▶ _SOURCE MATERIAL_:
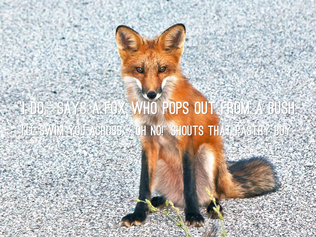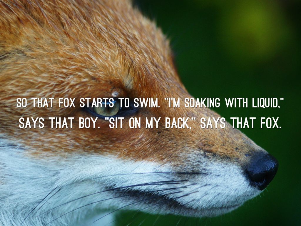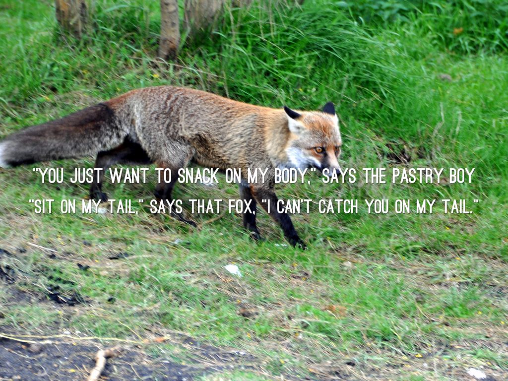 "sit on my tail," says that fox, "i can't catch you on my tail."
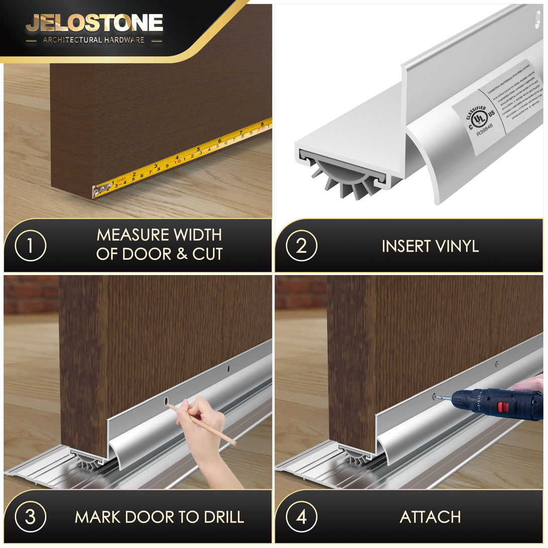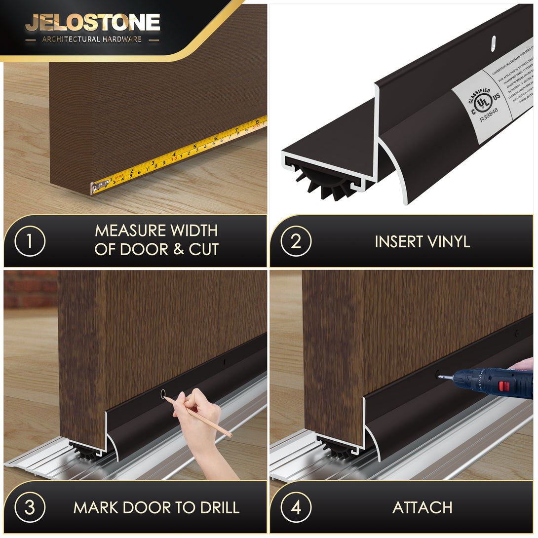 Certified for up to 3 hours of fire resistance, the JS-210DV seals against smoke, air, sound, and weather, making it suitable for commercial fire-rated door applications.
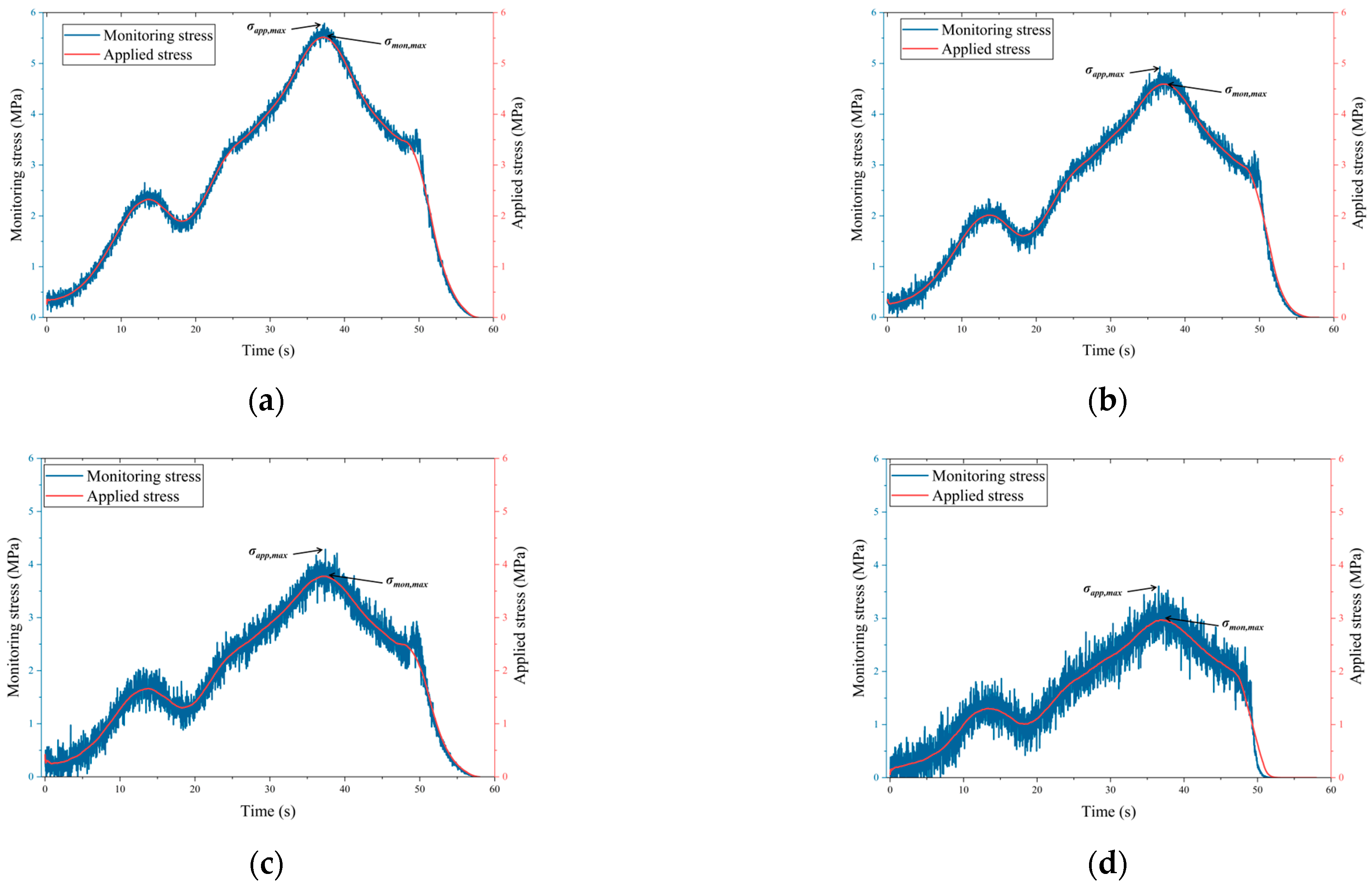 Figure 9. Comparison of stress monitoring results of the test samples: (a) Specimen without initial damage; (b) Specimen with 30% initial damage; (c) Specimen with 50% initial damage; (d) Specimen with 70% initial damage.

▶ _WORK REQUIRED_: Without the pictures, repeat the listing above exactly.

▶ _RESPONSE_:
 "sit on my tail," says that fox, "i can't catch you on my tail."
 Certified for up to 3 hours of fire resistance, the JS-210DV seals against smoke, air, sound, and weather, making it suitable for commercial fire-rated door applications.
 Figure 9. Comparison of stress monitoring results of the test samples: (a) Specimen without initial damage; (b) Specimen with 30% initial damage; (c) Specimen with 50% initial damage; (d) Specimen with 70% initial damage.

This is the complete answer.